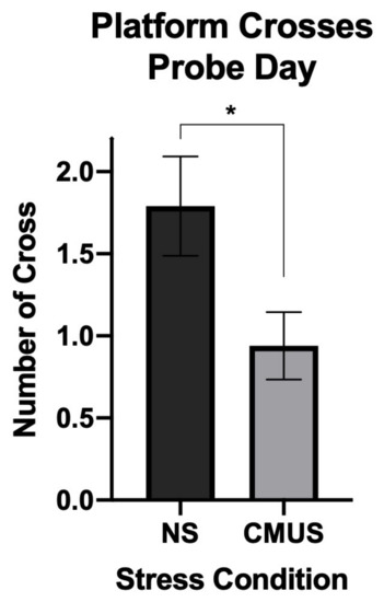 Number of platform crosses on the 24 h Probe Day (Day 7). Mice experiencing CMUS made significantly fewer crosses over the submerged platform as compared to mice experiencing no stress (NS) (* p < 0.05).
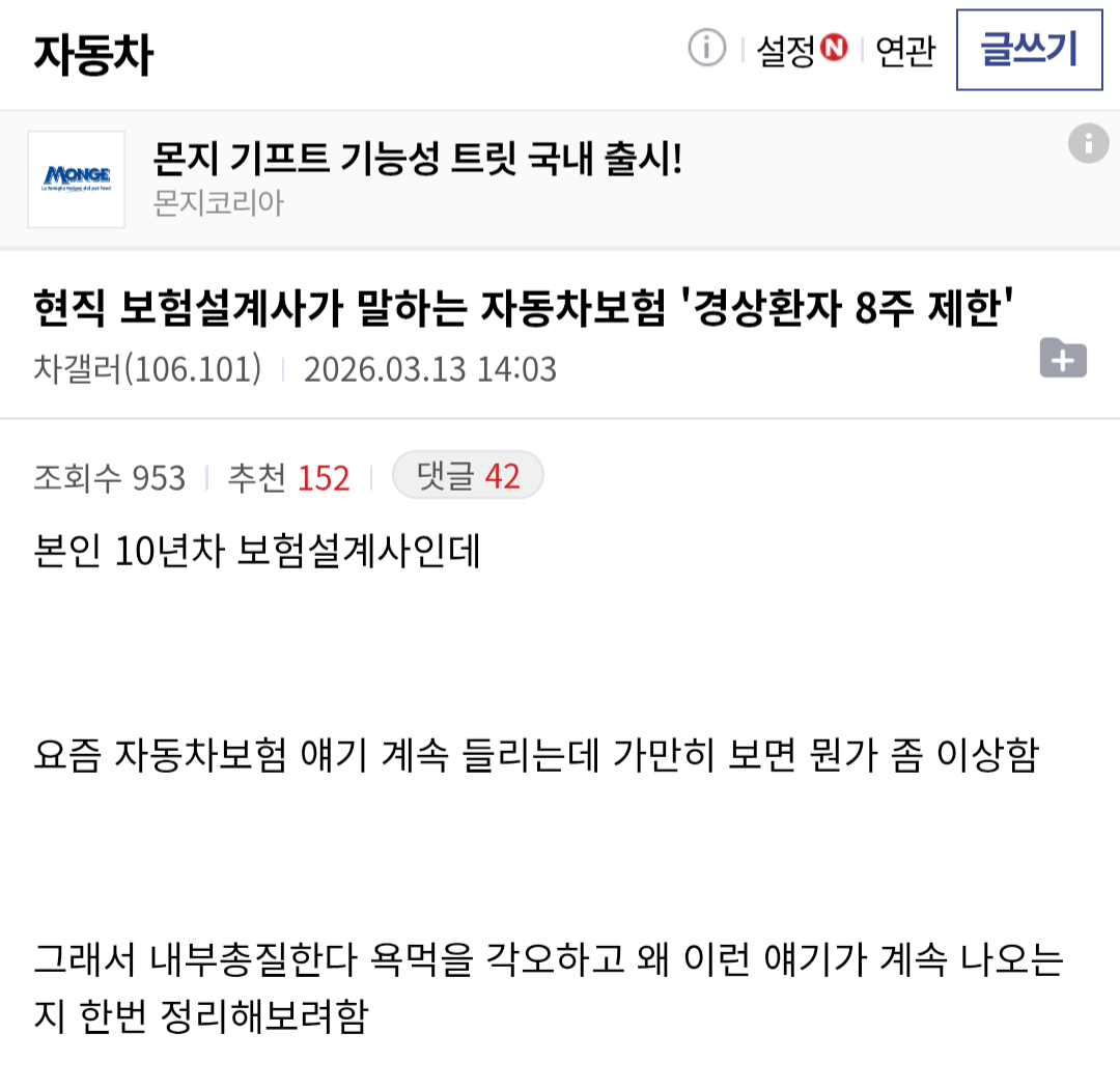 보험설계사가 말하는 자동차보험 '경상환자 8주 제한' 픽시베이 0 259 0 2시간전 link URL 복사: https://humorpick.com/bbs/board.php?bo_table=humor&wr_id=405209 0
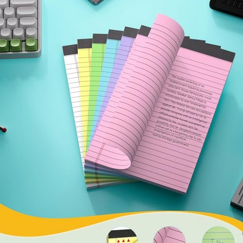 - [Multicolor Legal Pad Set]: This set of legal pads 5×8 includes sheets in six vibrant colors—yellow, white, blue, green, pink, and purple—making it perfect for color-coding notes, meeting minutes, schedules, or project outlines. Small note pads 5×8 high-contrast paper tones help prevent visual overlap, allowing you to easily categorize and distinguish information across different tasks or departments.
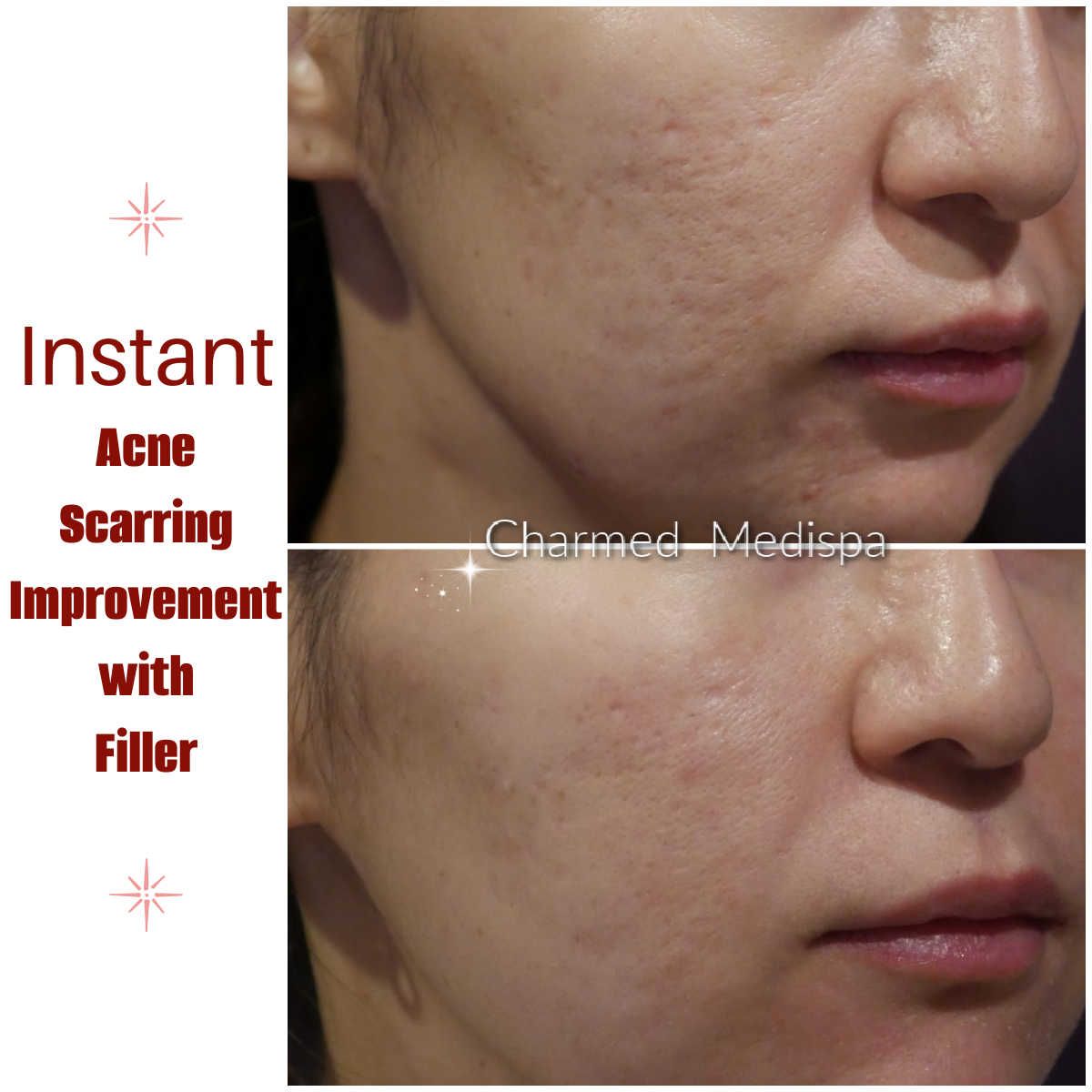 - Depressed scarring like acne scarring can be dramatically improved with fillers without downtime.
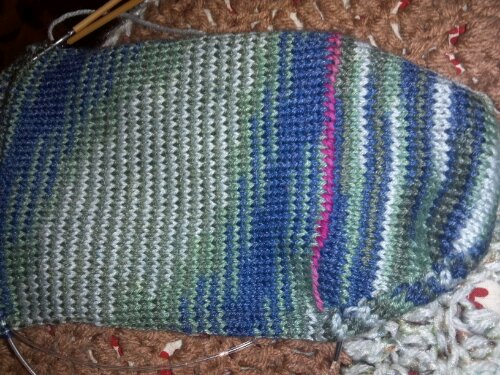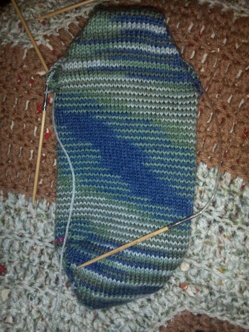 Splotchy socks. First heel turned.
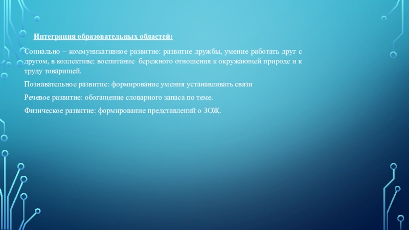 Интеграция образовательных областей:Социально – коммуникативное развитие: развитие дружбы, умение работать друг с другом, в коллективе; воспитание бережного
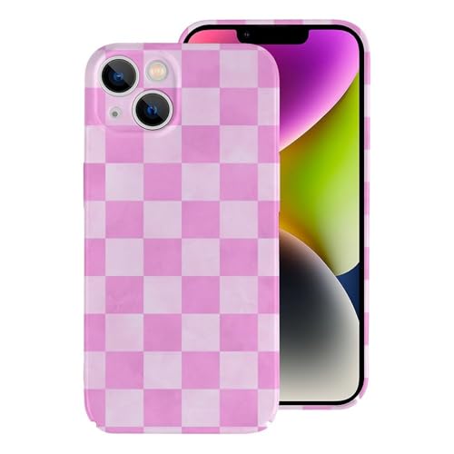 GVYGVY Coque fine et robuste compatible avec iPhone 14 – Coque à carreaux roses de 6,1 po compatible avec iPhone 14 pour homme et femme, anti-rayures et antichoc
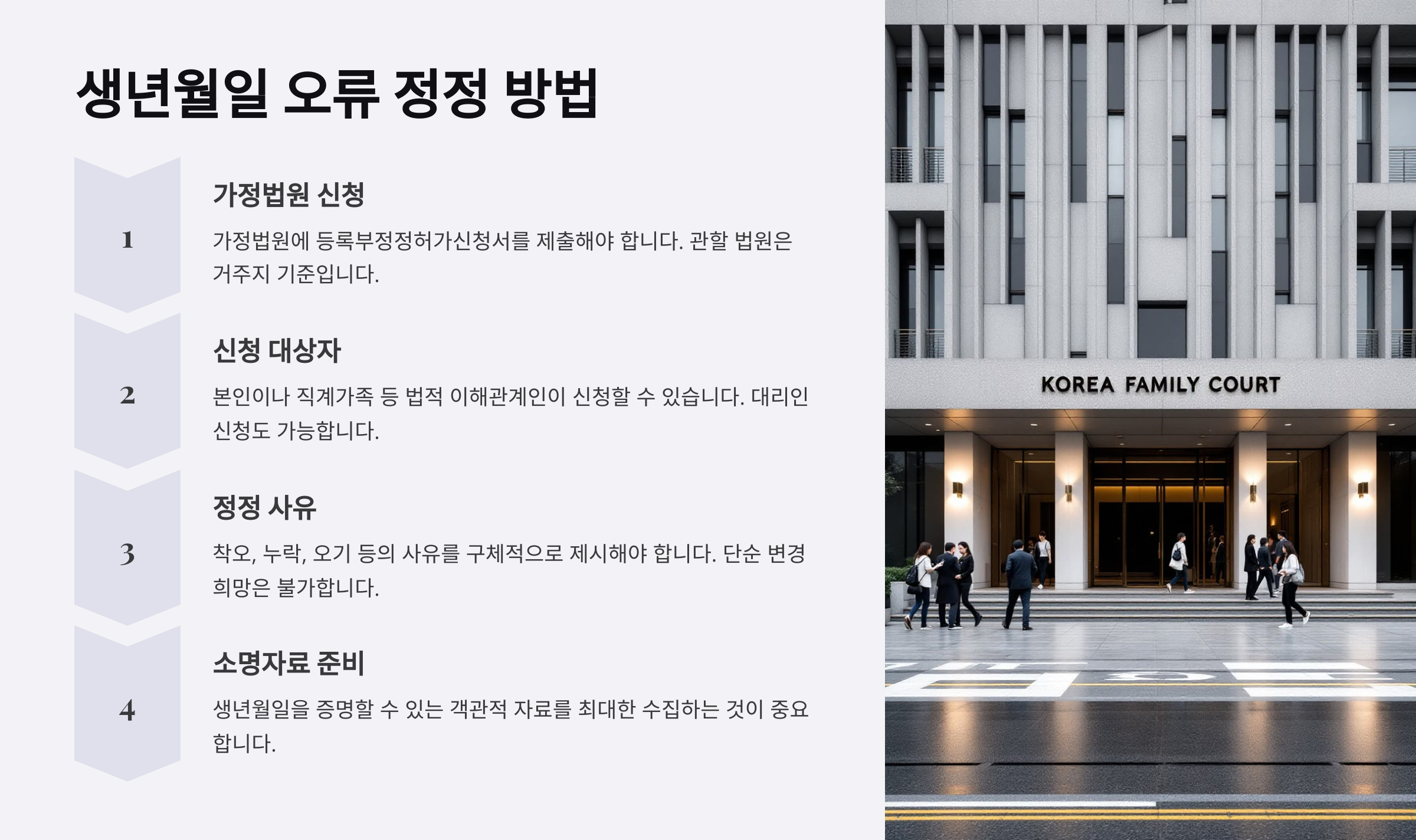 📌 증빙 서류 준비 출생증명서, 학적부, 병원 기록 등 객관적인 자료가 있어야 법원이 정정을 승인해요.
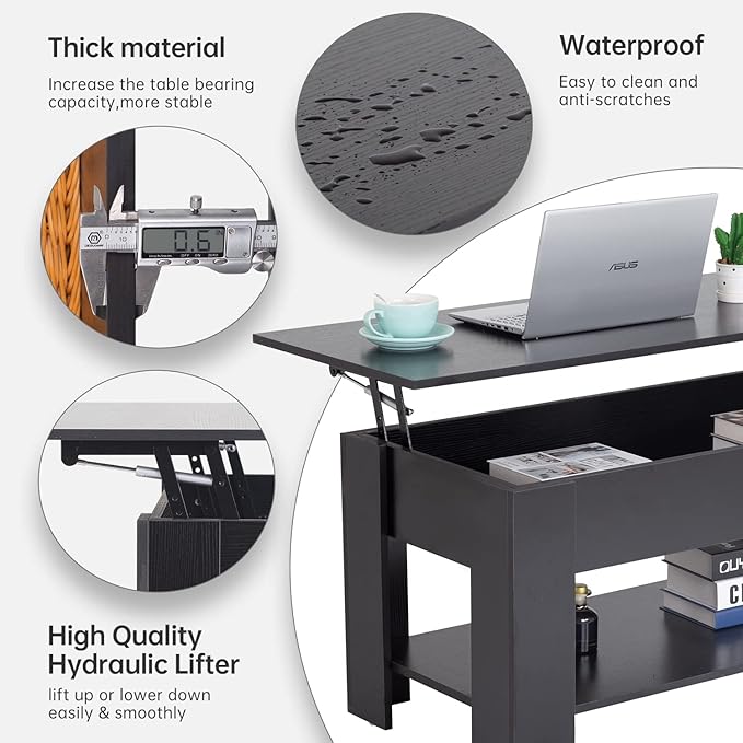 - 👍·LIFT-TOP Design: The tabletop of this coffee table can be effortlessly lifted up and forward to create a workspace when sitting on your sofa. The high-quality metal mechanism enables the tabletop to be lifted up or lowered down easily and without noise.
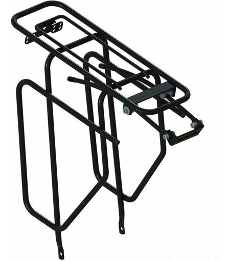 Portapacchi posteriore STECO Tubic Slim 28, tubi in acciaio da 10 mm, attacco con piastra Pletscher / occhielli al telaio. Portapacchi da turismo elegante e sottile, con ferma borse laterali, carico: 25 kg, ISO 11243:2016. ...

• • • •

The required output is every line from the one containing "법원이 정정을 승인해요." through the last line of the records, inclusive, reproduced exactly and without pictures.

 📌 증빙 서류 준비 출생증명서, 학적부, 병원 기록 등 객관적인 자료가 있어야 법원이 정정을 승인해요.
 - 👍·LIFT-TOP Design: The tabletop of this coffee table can be effortlessly lifted up and forward to create a workspace when sitting on your sofa. The high-quality metal mechanism enables the tabletop to be lifted up or lowered down easily and without noise.
 Portapacchi posteriore STECO Tubic Slim 28, tubi in acciaio da 10 mm, attacco con piastra Pletscher / occhielli al telaio. Portapacchi da turismo elegante e sottile, con ferma borse laterali, carico: 25 kg, ISO 11243:2016. ...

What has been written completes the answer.